Dataset items:
++++

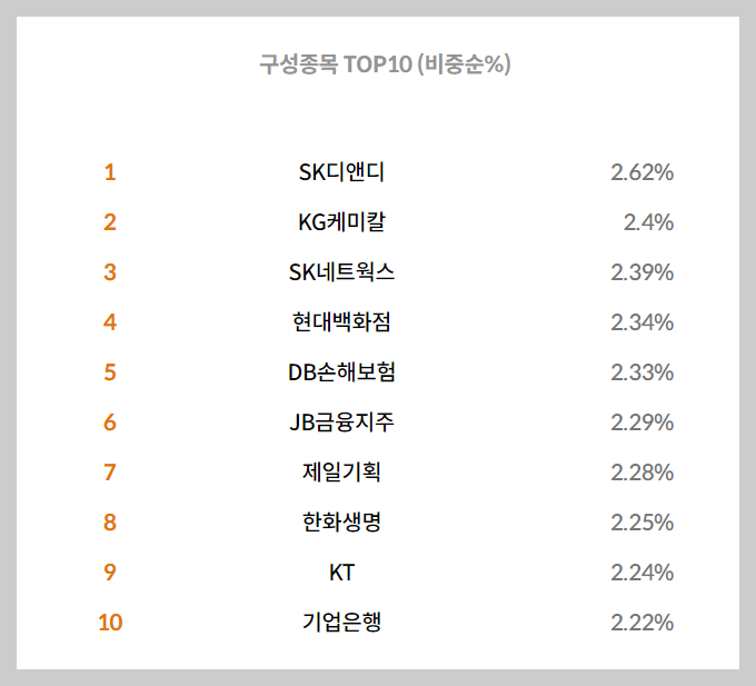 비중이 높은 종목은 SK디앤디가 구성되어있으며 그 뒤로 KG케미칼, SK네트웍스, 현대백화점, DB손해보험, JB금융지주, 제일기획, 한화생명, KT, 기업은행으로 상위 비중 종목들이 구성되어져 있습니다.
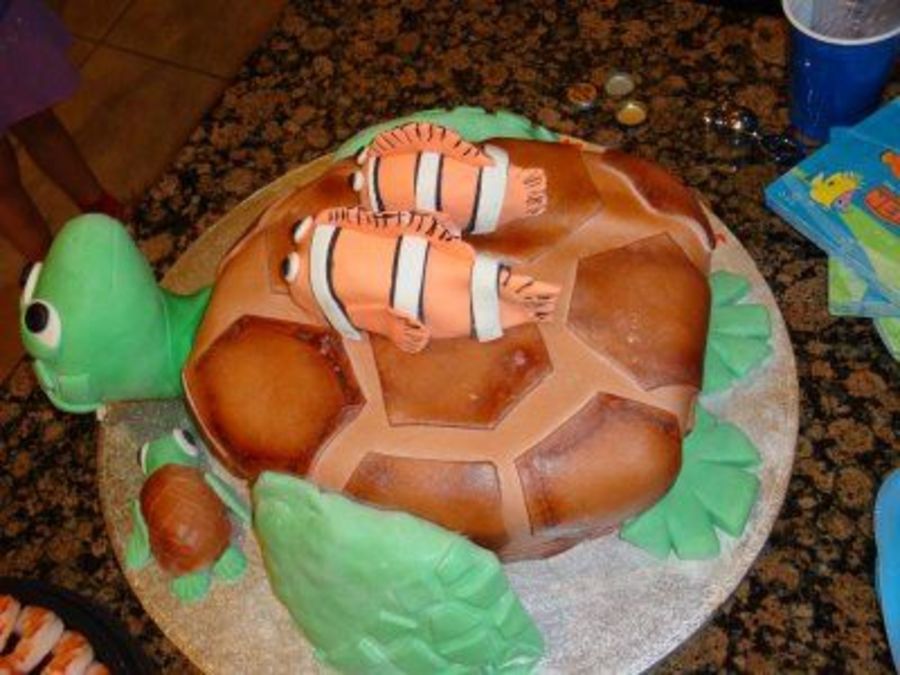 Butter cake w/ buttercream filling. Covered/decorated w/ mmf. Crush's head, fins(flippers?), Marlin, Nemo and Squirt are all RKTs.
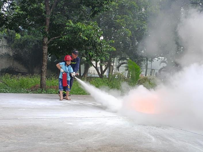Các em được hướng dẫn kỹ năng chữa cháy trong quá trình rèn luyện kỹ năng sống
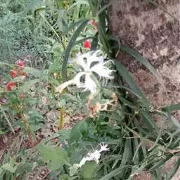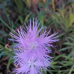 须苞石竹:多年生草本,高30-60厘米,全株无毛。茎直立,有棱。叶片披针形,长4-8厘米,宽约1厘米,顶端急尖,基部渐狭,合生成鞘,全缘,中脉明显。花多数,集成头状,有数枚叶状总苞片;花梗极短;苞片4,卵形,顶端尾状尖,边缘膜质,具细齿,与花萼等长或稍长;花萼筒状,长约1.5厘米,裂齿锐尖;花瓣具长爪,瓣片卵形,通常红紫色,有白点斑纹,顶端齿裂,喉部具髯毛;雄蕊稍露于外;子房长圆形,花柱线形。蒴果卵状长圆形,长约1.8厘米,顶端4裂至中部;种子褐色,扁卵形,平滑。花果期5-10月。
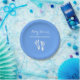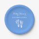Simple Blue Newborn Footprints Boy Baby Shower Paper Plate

++++

**Task directions:** Reproduce the data word for word, excluding its pictures.

**Answer section:**
 비중이 높은 종목은 SK디앤디가 구성되어있으며 그 뒤로 KG케미칼, SK네트웍스, 현대백화점, DB손해보험, JB금융지주, 제일기획, 한화생명, KT, 기업은행으로 상위 비중 종목들이 구성되어져 있습니다.
 Butter cake w/ buttercream filling. Covered/decorated w/ mmf. Crush's head, fins(flippers?), Marlin, Nemo and Squirt are all RKTs.
Các em được hướng dẫn kỹ năng chữa cháy trong quá trình rèn luyện kỹ năng sống
 须苞石竹:多年生草本,高30-60厘米,全株无毛。茎直立,有棱。叶片披针形,长4-8厘米,宽约1厘米,顶端急尖,基部渐狭,合生成鞘,全缘,中脉明显。花多数,集成头状,有数枚叶状总苞片;花梗极短;苞片4,卵形,顶端尾状尖,边缘膜质,具细齿,与花萼等长或稍长;花萼筒状,长约1.5厘米,裂齿锐尖;花瓣具长爪,瓣片卵形,通常红紫色,有白点斑纹,顶端齿裂,喉部具髯毛;雄蕊稍露于外;子房长圆形,花柱线形。蒴果卵状长圆形,长约1.8厘米,顶端4裂至中部;种子褐色,扁卵形,平滑。花果期5-10月。
Simple Blue Newborn Footprints Boy Baby Shower Paper Plate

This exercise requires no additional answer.